GitLab’s position is different from many of its competitors. It’s not primarily an AI coding assistant. It’s a platform that manages the entire development lifecycle, and adds AI capabilities throughout that lifecycle rather than building a stand-alone AI product. The risk is that the platform becomes the substrate above which the AI ​​agents work, important but invisible, while the agent layer captures the edge. The opportunity is that businesses are looking for a single platform that manages the entire workflow, including the AI ​​agents running within it, and GitLab is one of the few companies positioned to provide that.

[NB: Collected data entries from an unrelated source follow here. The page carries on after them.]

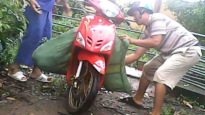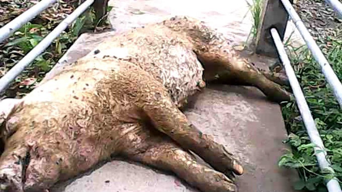 Sáng 6/8, cánh cửa sắt của trại chăn nuôi heo thực nghiệm Cargill hé mở. Ông Đạt chạy xe tay ga Mio màu đỏ vào sâu trong khuôn viên trại để nhận heo chết. Tại ngay lối vào khu vực nuôi heo, một con heo khoảng 40kg chết cứng nằm dưới nền xi măng. Toàn thân heo dính đầy phân, bụng trương phình và ruồi nhặng bu kín. Sau một vài thao tác lật ngửa heo chết lên kiểm tra, ông Đạt “chê” heo nhỏ quá nhưng liền sau đó lại xách heo chết bỏ vào trong bao tải, khệ nệ chất trước bửng xe, rồi chở heo chạy ra khỏi trại đưa đi tiêu thụ.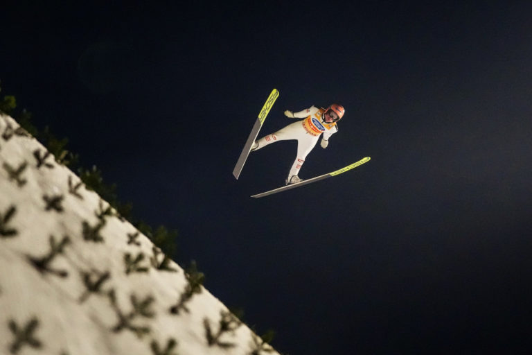 Rakúšan Stefan Kraft letí počas štvrtej etapy 72. ročníka skokanského turnaja štyroch kopcov v rakúskom Bischofshofene. Foto: SITA/AP.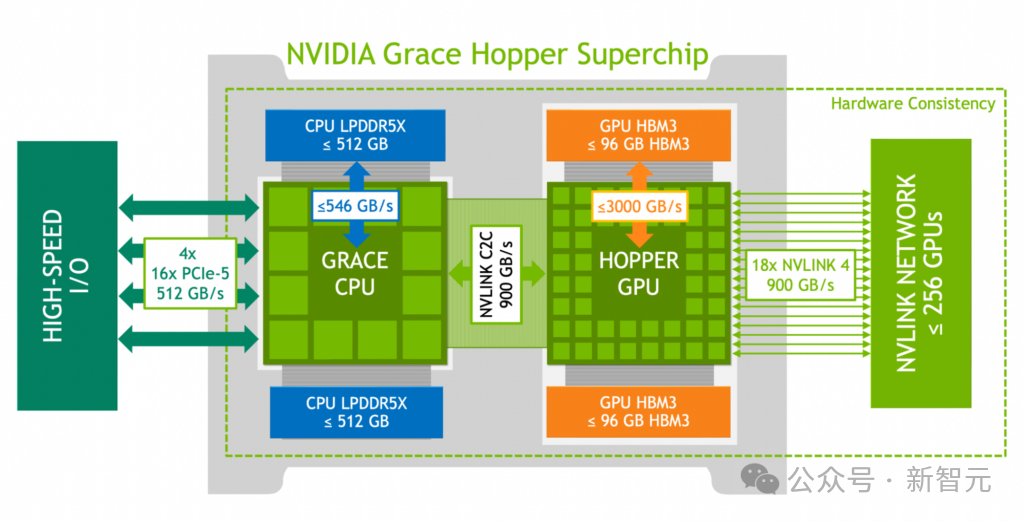 英伟达的NVLink技术就是为了解决通信问题,GH200中的CPU和GPU通过NVLink C2C连接在一起,提供900GB/s带宽,是第五代PCIe带宽的7倍。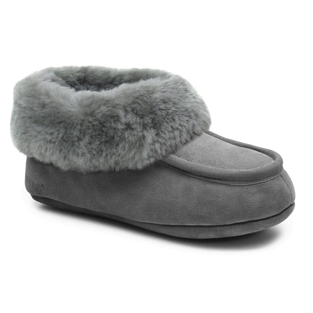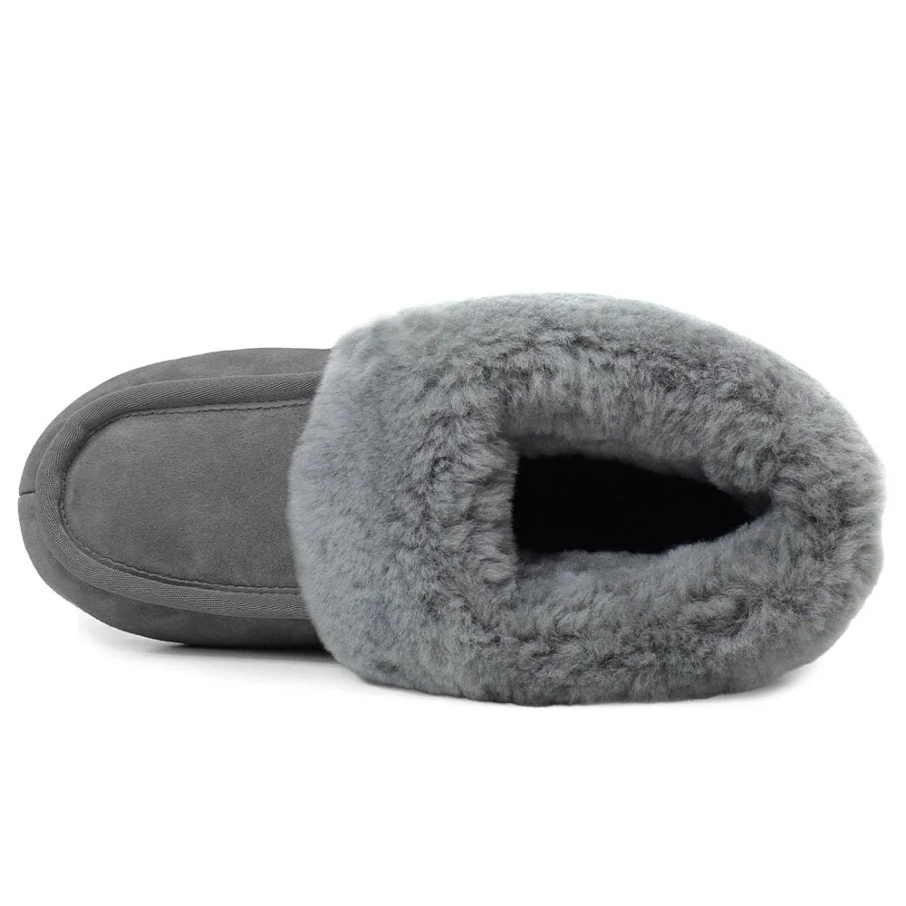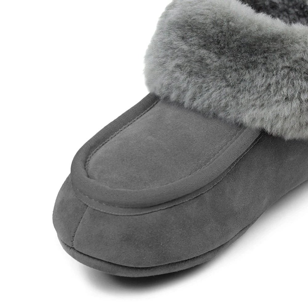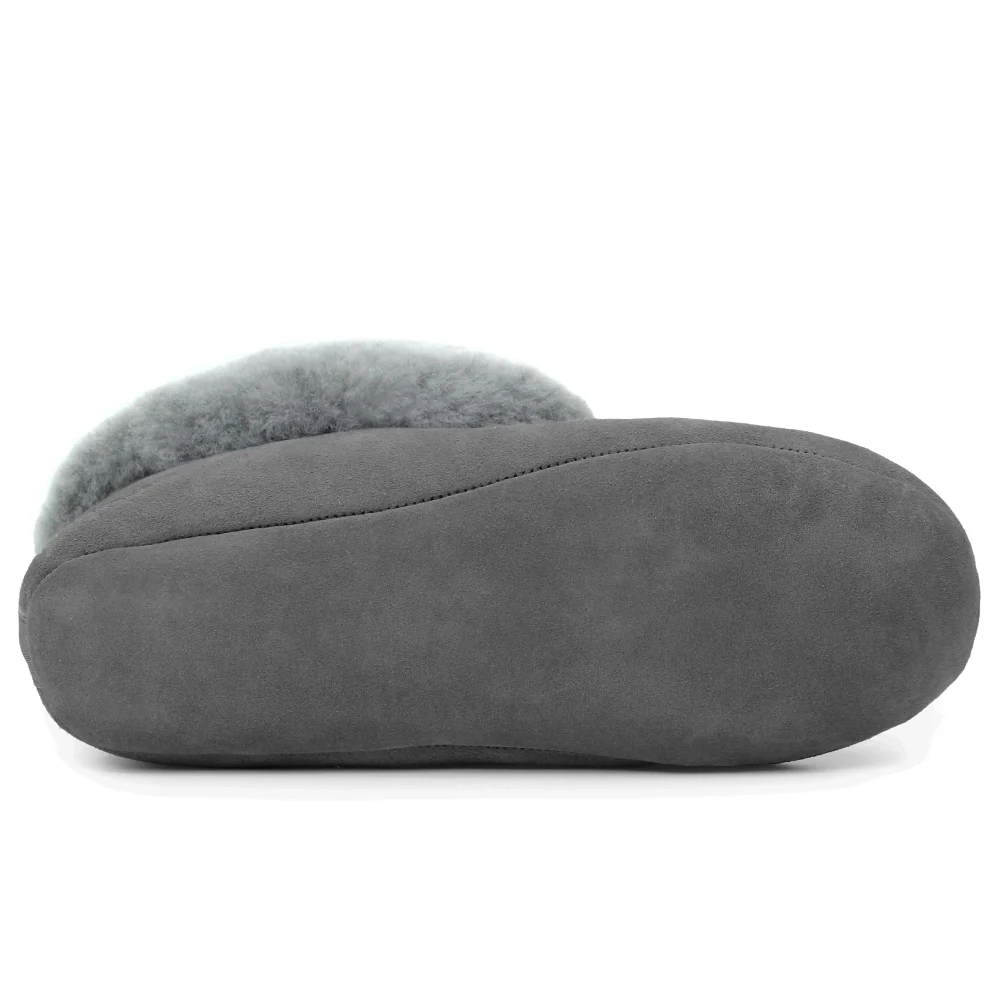 Fårskinnstofflor i ljust grå mocka med krage och foder av äkta fårskinn som håller dina fötter varma och sköna.
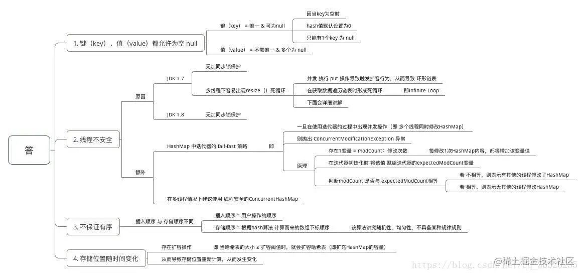- 线程安全:HashMap 是非线程安全的, HashTable 是线程安全的。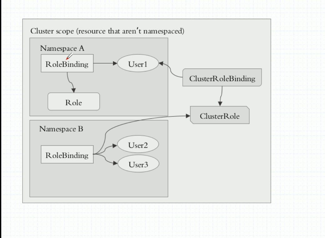 每个名称空间下,user都通过rolebinding绑定role,定义一个ClusterRole拥有集群级别的操作权限,通过ClusterRolebinding与user绑定,该用户user就有了集群级别的操作权限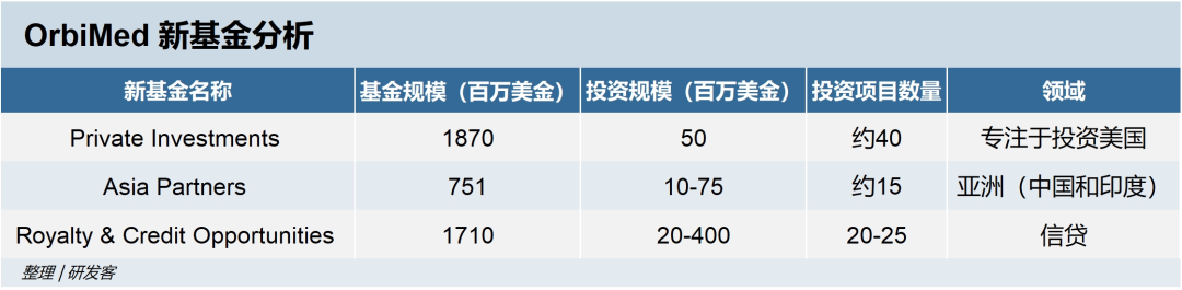 在三只新基金中(Private Investments、Asia Partners、Royalty & Credit Opportunities),Asia Partners 的基金规模和上次2021年3月完成的募资额相当,但其他两只基金则大幅增加了30%以上的融资额。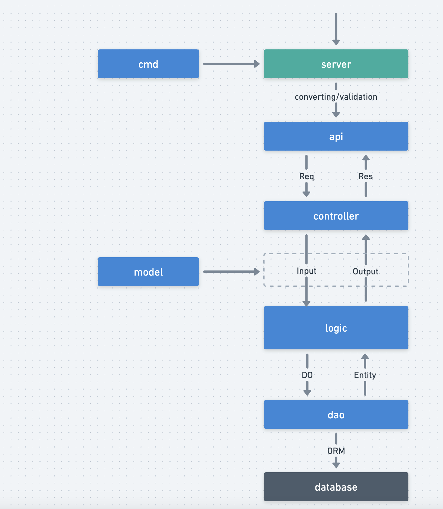 这是 GoFrame 框架针对 业务项目 的目录设计,主体的思想来源于三层架构,但在具体实现中,对其进行了一定的改进和细化使其更符合工程实践和时代进步。
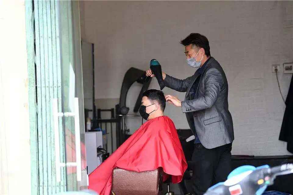 3月23日,武汉市青山区青山镇街船厂社区,一位居民在理发。

Atlassian cut 1,600 jobs in March, about 10 percent of its workforce, as it prepares for the AI ​​era. One month later, Atlassian launched virtual AI tools and agents for its Confluence partners. The pattern is the same as GitLab: cut staff, announce AI investment, ship AI features. The developer tools industry is reorganizing around the thesis that fewer people and more agents will produce better software faster. Whether that thesis is correct is an important question companies are answering with downsizing before the evidence is in.

The pattern

Meta and Microsoft announced a combined 23,000 job cuts in the same week, with the same basic logic: companies are cutting not because they can’t pay their workers but because they’ve decided to redirect that money to AI infrastructure. Meta’s $135 billion AI financing plan and Microsoft’s initial purchase offer represent the end of the spectrum where GitLab’s restructuring rests. A common thread is companies turning payroll into AI capital expenditure.

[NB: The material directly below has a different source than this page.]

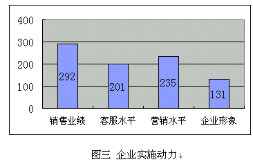 (d)提升企業(yè)形象:很多受訪企業(yè)特別是服務業(yè),已經建立客戶忠誠度放在了很重要的位置,但比較其它幾個直接動因,比例偏低,這也似乎說明"以客戶為中心"的觀念還沒有"以利潤為中心"強烈。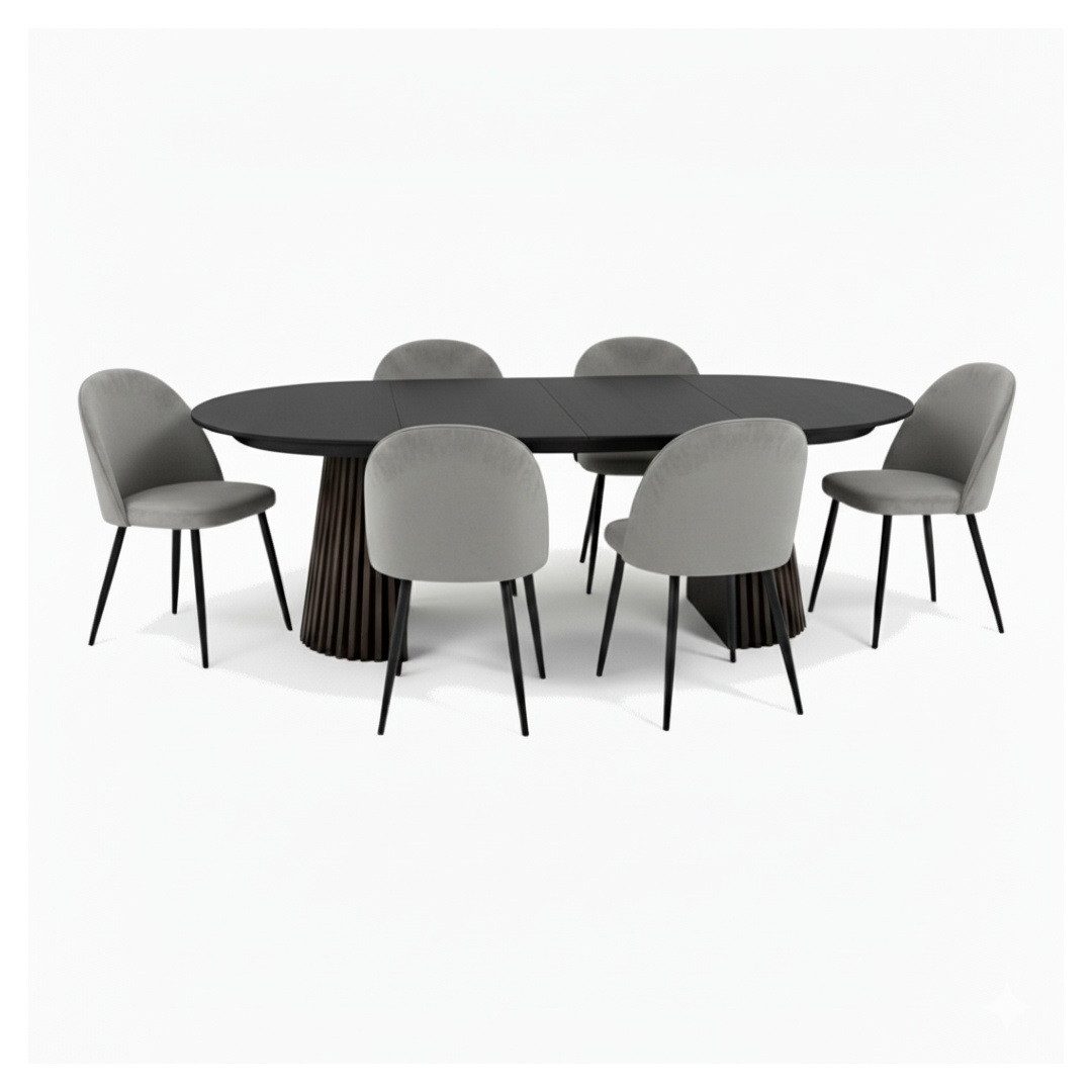 Essgruppe Tokyo Essgruppe Esstisch schwarz, 6 Stühle aus gra

OpenAI CEO Sam Altman called the trend of using AI as the reason for the cuts made for other reasons “AI washing.” Less than 1 percent of job losses by 2025 could be attributed to artificial intelligence, he said in February. The label is important because it determines whether investors should treat AI-enabled restructuring as forward-looking investment or backward-looking cost-cutting dressed up in new language.

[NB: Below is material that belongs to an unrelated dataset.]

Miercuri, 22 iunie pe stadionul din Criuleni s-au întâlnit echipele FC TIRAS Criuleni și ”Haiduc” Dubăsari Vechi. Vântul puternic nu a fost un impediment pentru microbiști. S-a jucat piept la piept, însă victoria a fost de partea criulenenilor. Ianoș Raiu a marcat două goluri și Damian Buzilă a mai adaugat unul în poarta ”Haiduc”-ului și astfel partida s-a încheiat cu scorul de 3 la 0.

Human costs of technical layoffs are not included in restructuring costs. The technology industry shed more than 95,000 jobs in 247 layoff events in 2026, an average of 882 per day. GitLab’s contribution to that number won’t be known until June. Staples wrote that “in some cases AI can augment and speed up what team members are doing, in other areas we need to expand certain roles so they can move faster.” This sentence contains both an indication of job termination and a promise to create jobs. The ratio between the two is a significant number, and has yet to be revealed.

Question

The argument that AI won’t come to your job but will save you is taking a turn for the worse at GitLab and across the industry. The company does not replace developers with AI agents. It’s reshaping the organization around the world where AI agents handle an increasing share of development work, and the remaining humans are expected to be more productive, faster, and focused on work that agents can’t currently do.

GitLab’s revenue grows 16 percent. Its free cash flow is 220 million dollars. There is no sorrow. It is a profitable, growing company that has decided that its current structure is built for an era that is ending. The company that invented remote work, that built the platform on the assumption that geographically distributed developers need collaboration tools, is now rebuilding on the assumption that many of those developers will be replaced by agents who don’t need collaboration tools at all. The reorganization will be detailed on June 2. The thesis, that the age of the agent needs fewer people and more credits, already has its value.